By licensing revenues, I mean you sell the license to use a software. Licenses can be granted under different regimes — you may receive a perpetual license to use the software, or it could be for a certain period of time, with monthly/annual payments or whatnot; it may even be that a part of the software is free to use, while some other features are paid (a ‘freemium’ business model). In any such case, customers of closed-source software have no rights to share it, modify it or incorporate it into something they build.

Copyrighting software code cannot protect it since, by definition, copyrighting equates to publicly disclosing its content to attest your ownership claim, and disclosing software code equates to giving it away. As such, in order to protect the licensing revenue stream, closed-source companies go to great lengths to protect the privacy of their base codes and choose to distribute their software either in binary code or within their own servers in the cloud.
Let's say, for instance, you're OpenAI in 2020. You spent over $10 million training GPT3 on a supercomputer with 10,000 NVIDIA V100 GPUs. You ponder for a while about what to do with it, tinkering with it, testing it — even adding a Jupyter notebook for people to test it within your servers —, adding several million dollars more to the total development cost. By late 2021, you start selling access to it via API to some niche developers, which helps you recoup a small part of your costs.

By late 2022, you’re confident enough in your instruction-finetuned version that you launch ChatGPT, an app that runs in your own infrastructure and that allows people to ask questions to the model. You know you got something really right since that ends up being the most successful app launch of all time in terms of user adoption.

At this point, you’re, say, $25-50 million in the hole, but what you have in your hands is an incredibly attractive product you can actually charge for. You figure you can charge for access to some of its features, potentially recouping your investment; so, by the time you finish training GPT4 — which set you back anywhere between $100 million and $1 billion more —, you decide on selling access to GPT4 in ChatGPT for $20/month for the general audience.

For the sake of the argument, let’s assume that the development cycle for ChatGPT, including GPT3 and GPT4 training, testing and finetuning, totalled $500 million. Let’s imagine that a Very Good Hacker would find his way into OpenAI’s servers and download a full copy of GPT4’s model weights. Does this mean this Very Good Hacker just steal $500 million in property?

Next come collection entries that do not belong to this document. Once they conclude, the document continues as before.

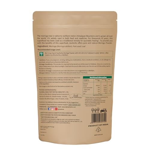 neuherbs brings to you the highly nutritious superfood Moringa Powder. Made from pure natural & organic moringa leaf to help you with growth & holistic wellness. Moringa powder has been in use for various health advantages especially among the health-conscious people as studies have shown that moringa powder is rich in Protein vitamins A C Calcium Iron & Fiber like essential nutrients. Moringa powder benefits by enhancing immunity improving digestion supporting weight loss & also eyesight. neuherbs organic moringa powder is made without any added preservatives colours or fragrances to provide original moringa powder & its related benefits.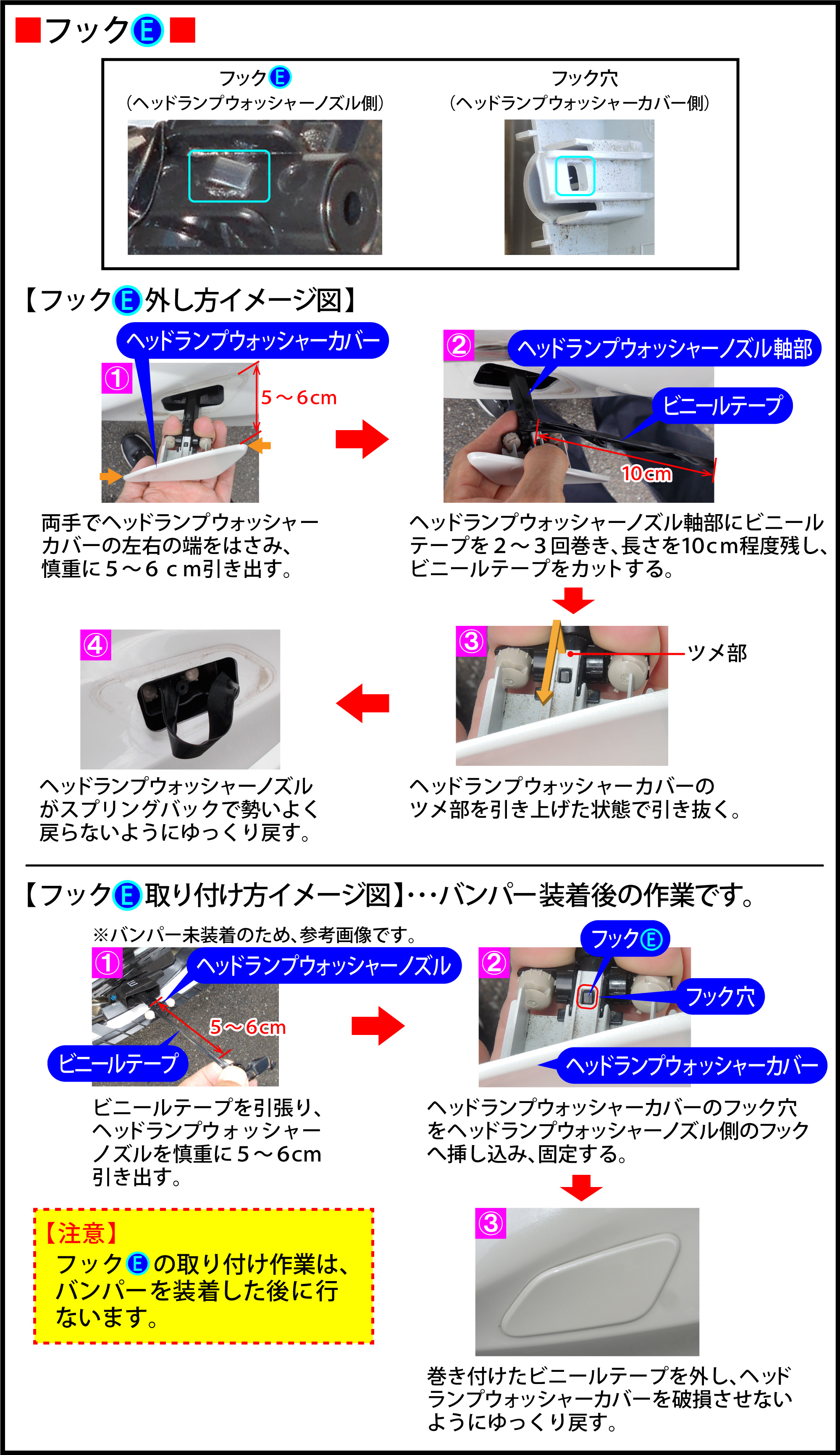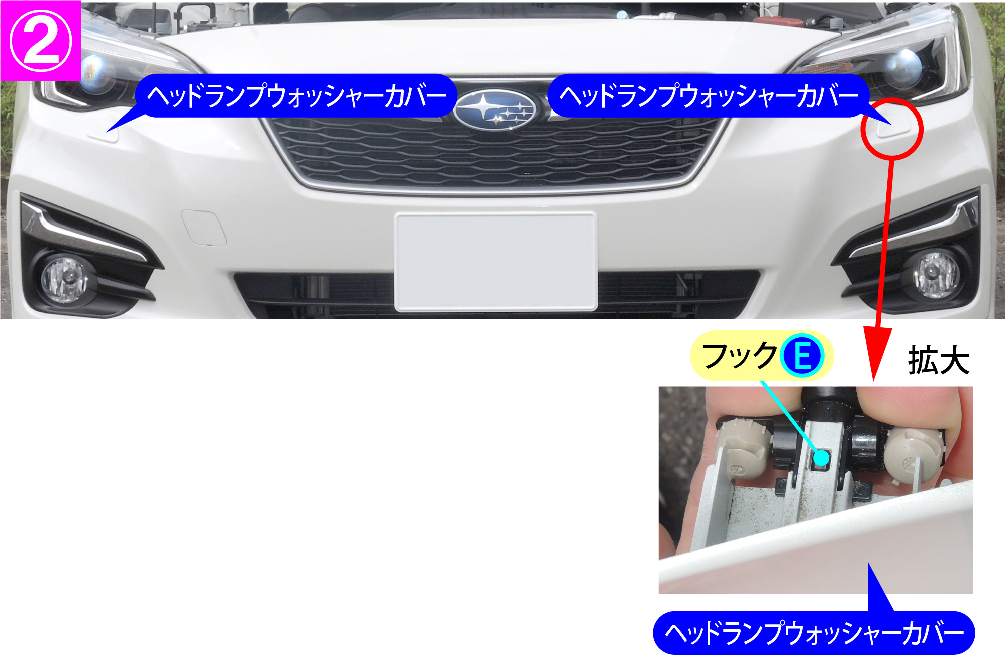 フックE(ヘッドランプウォッシャーカバーの外し方・取り付け方)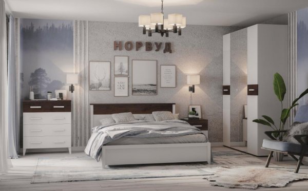 Двуспальная кровать из коллекции Норвуд выглядит свежо и современно. Модуль имеет лаконичный дизайн и простые геометрические формы, которые легко обыграть в интерьерах разных стилей. Выразительность кровати придают опоры со скосом и вставка в изголовье в декоре Орех Шоколадный. Основание для кровати - это самостоятельный модуль, поэтому докупается отдельно.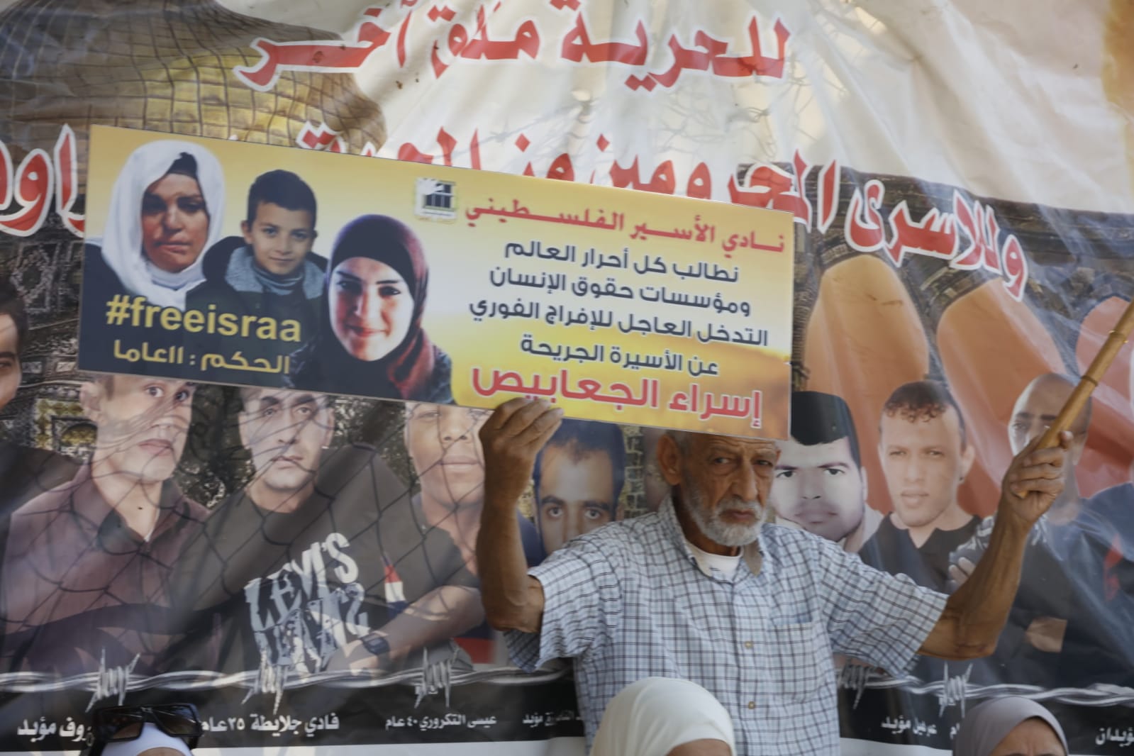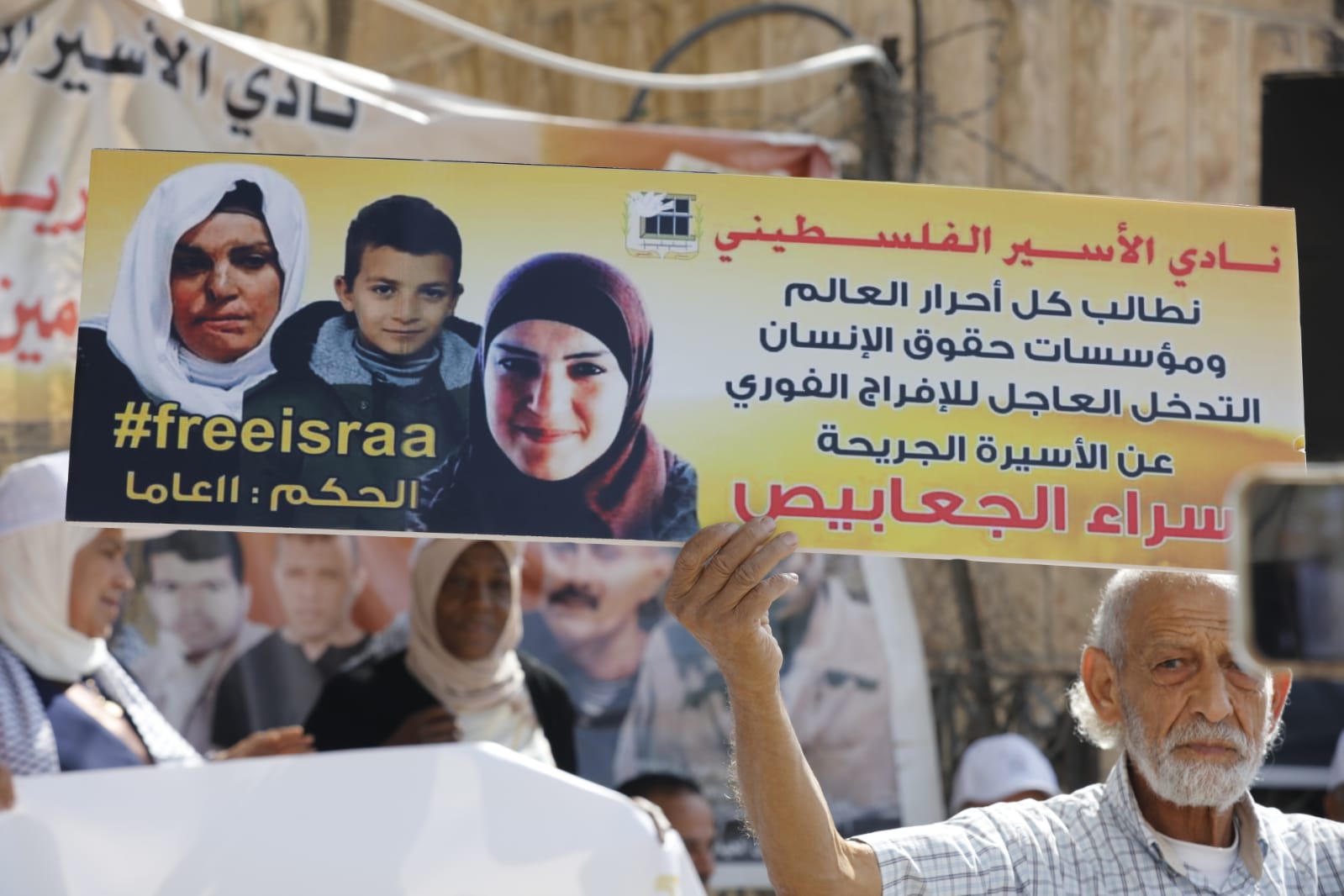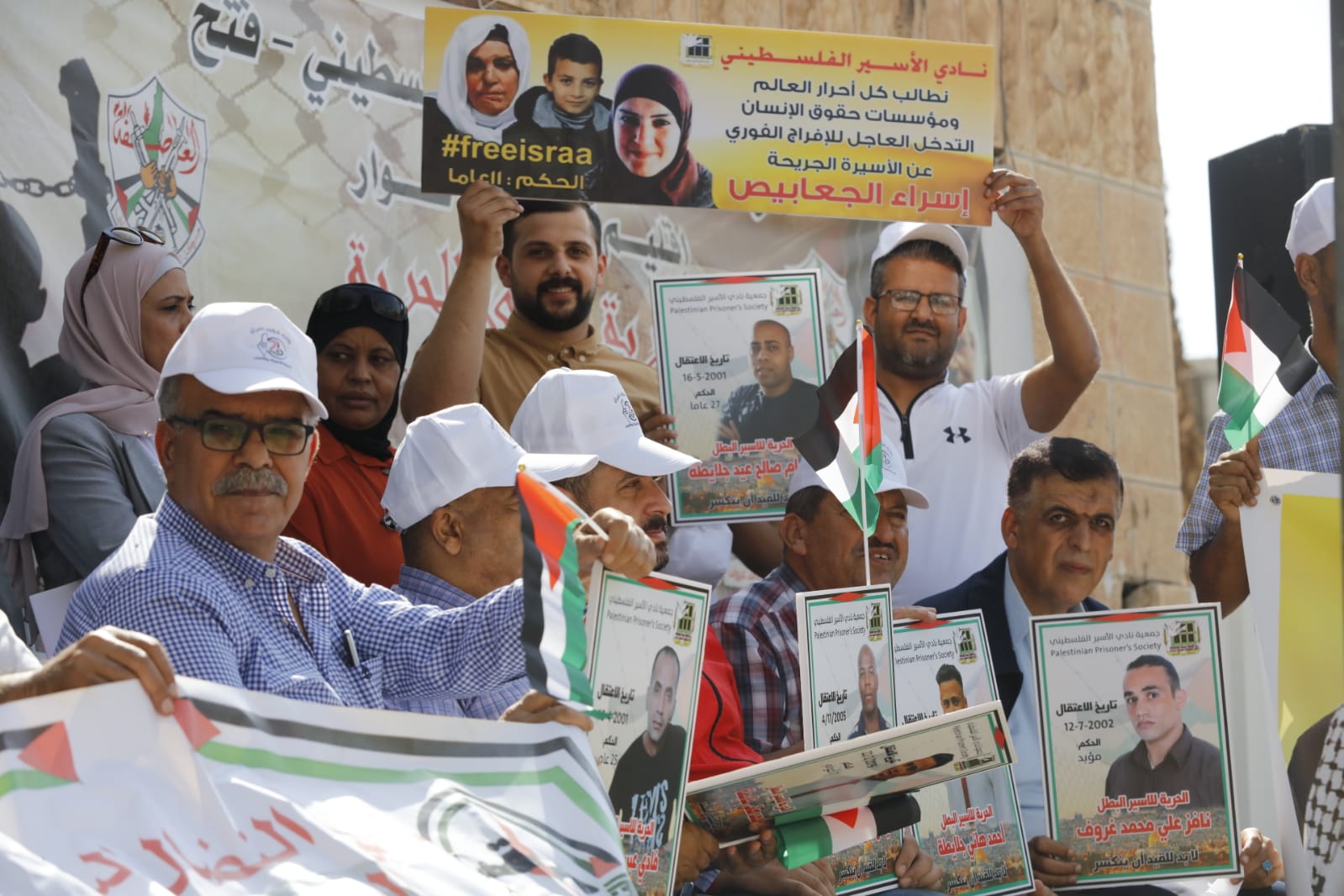 جانب من الوقفة الاسنادية للاسرى والاسيرات في سجون الاحتلال الإسرائيلي بمناسبة اليوم الوطني للمرأة الفلسطينية أمام مكتب لجنة الصليب الأحمر الدولي أريحا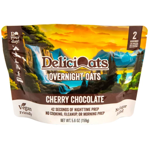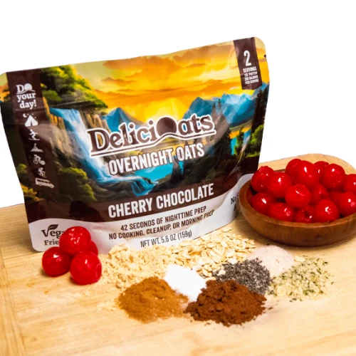 Ahh, the flavor that started it all. Inspired by the serendipity of having left over dutch oven cherry chocolate cobbler from the night before, and deciding to try it for breakfast in our overnight oats. When tart cherries + 100% real cocoa powder, and a bowl of overnight oats love each other very much…DeliciOats are conceived. (Don’t make it weird)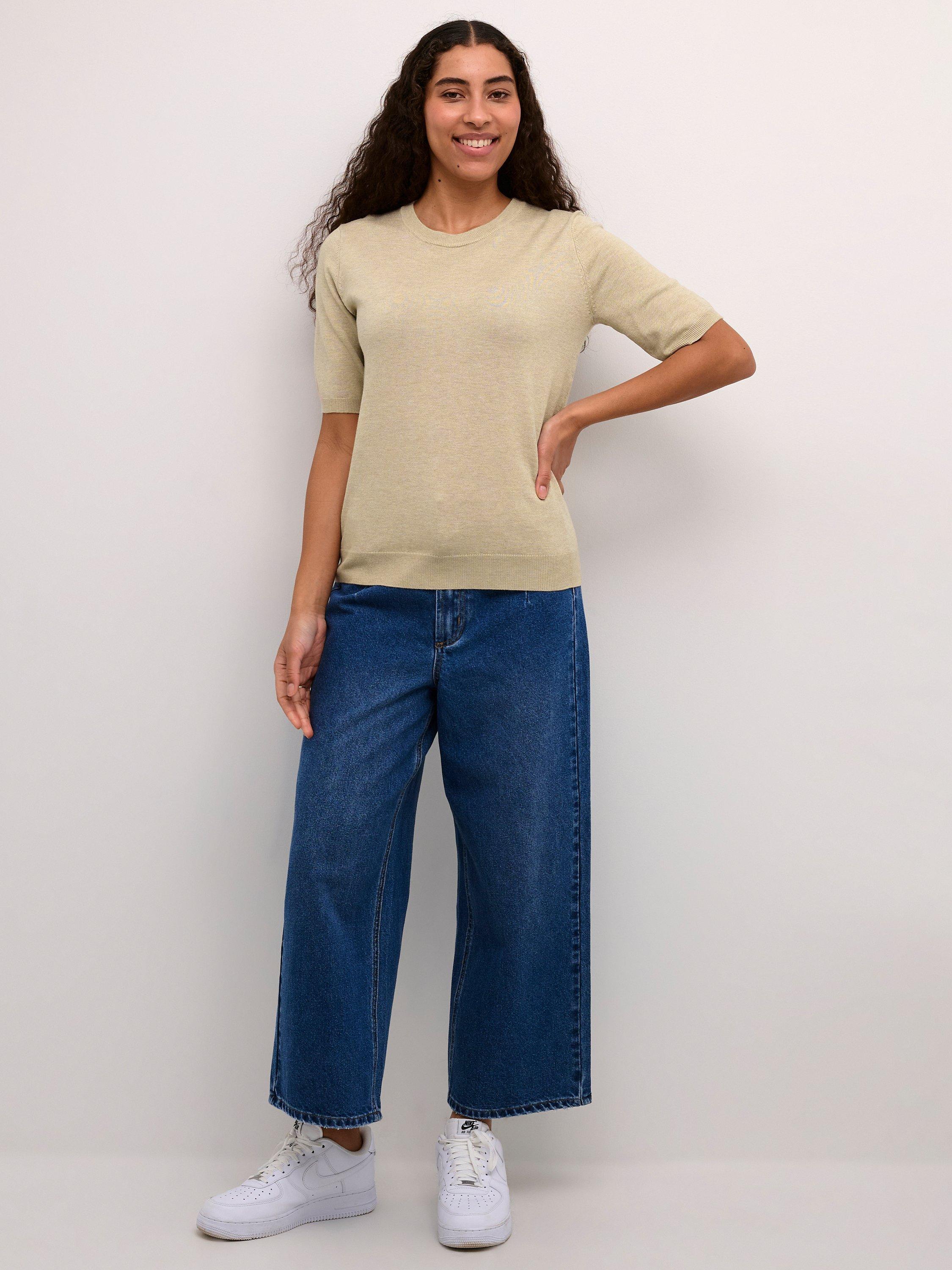 Cut with a simple round neck and short sleeves, it is made from a light yet durable blended fabric and is ideal for relaxed daytime wear.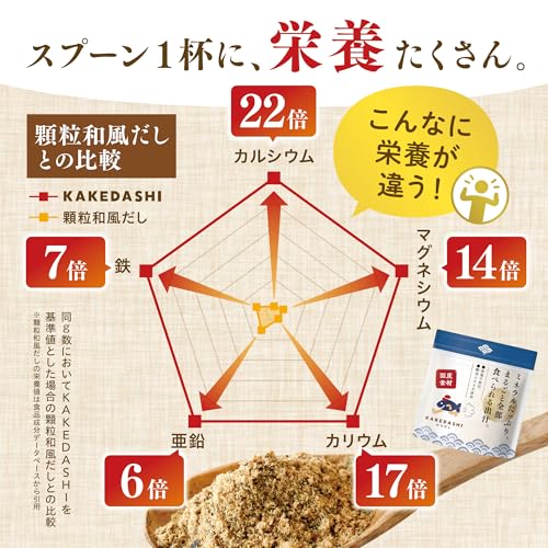 原材料は、国産の鰹節、いわし煮干し、真昆布、椎茸のみ。食塩も酵母エキスも一切加えていません。まさに「お母さんの手作り」に近い純粋な粉末です。袋を破って丸ごと食べることも推奨されており、一物全体の養生に最適です。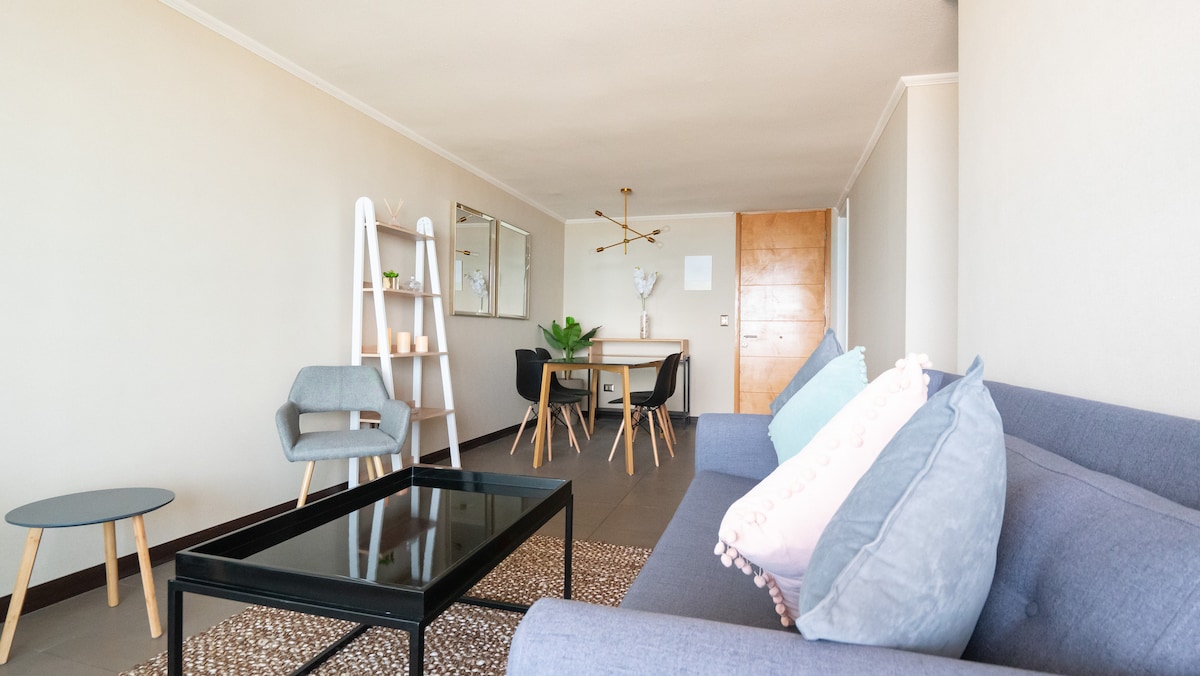 Unik och familjelägenhet, lämplig för upp till 8 personer, njut av dess komfort och läge, framför parken och Playa Brava, några steg från stranden och Cavancha halvön, nära stormarknader, restauranger, kasino. Regler för användning av gemensamma utrymmen i lägenheter; POOL: Tisdag till fredag 10:00 till 20:00. Lördag till 15:00 Söndagar och helgdagar kan inte användas. GYM: måndag till söndag 10:00 till 22:00.

Yes, it does mean that — or maybe even more. And herein lies one of the main fragilities of closed source: you may be one leak away from completely losing your edge. This creates an incentive for companies to overfocus on keeping their current moats in lieu of searching for the best applications for the software they make. (You may argue that OpenAI would never have spent $500 million on open source. But again, Red Hat, VMWare, Docker and all that.)

There are circumstances where a company may wish to reduce innovation and user adoption in their markets. These circumstances are always monopolies. Let’s dig into one of the most overlooked stories of software monopoly in history: cartography in the sixteenth century.

Closed source mapmaking

I asked GPT4 to tell me what are the 5 most famous maps of the sixteenth century, the highpoint of the Age of Discoveries. The unedited output is seen below.

Figure 1. GPT4’s take on the 5 most famous maps created in the sixteenth century and their likely source of information.

Two German maps, an Italian one, a French one, and a Turkish one. Where are the Iberian names? Remember: Portugal and Spain were the discoverers and the mapmakers of the era. (Don’t be fooled by Christopher Columbus or Amerigo Vespucci being Italians. Columbus lived for a decade in Portugal and was educated there; Vespucci lived in Seville; both worked for Portugal and Spain.)

These map names may not be from Portugal and Spain, but their contents certainly were. Of the top 5 maps proposed by ChatGPT, one is named after an Italian spy that stole it from the Portuguese (Cantino); another is from a Turkish admiral that plundered it from a Spanish ship (Piri Reis); the others come from cartographers that relied on copies of Portuguese/Spanish maps and of the letters written by the actual discoverers, which they obtained by collaboration with other mapmakers. So, while the information contained in them was likely obtained from Portuguese or Spanish effort, the famous maps that we know of today weren't created by the actual explorers —whose actual maps were so secret that they failed to reach us.

This makes sense; after all, the Portuguese and the Spanish treated their maps as state secrets. They masterfully created their maps for their own private use, and went through great lengths to protect their privacy, with strict laws forbidding the sharing of geographical knowledge with foreigners. The Age of Discoveries was the first time that software really ate the world, and that software was closed source — that is, until a spy would steal it or a caravel would be captured, leading to the maps slowly becoming public domain. The Portuguese and Spanish explicitly wanted to reduce the pace of innovation and user adoption of their playing field.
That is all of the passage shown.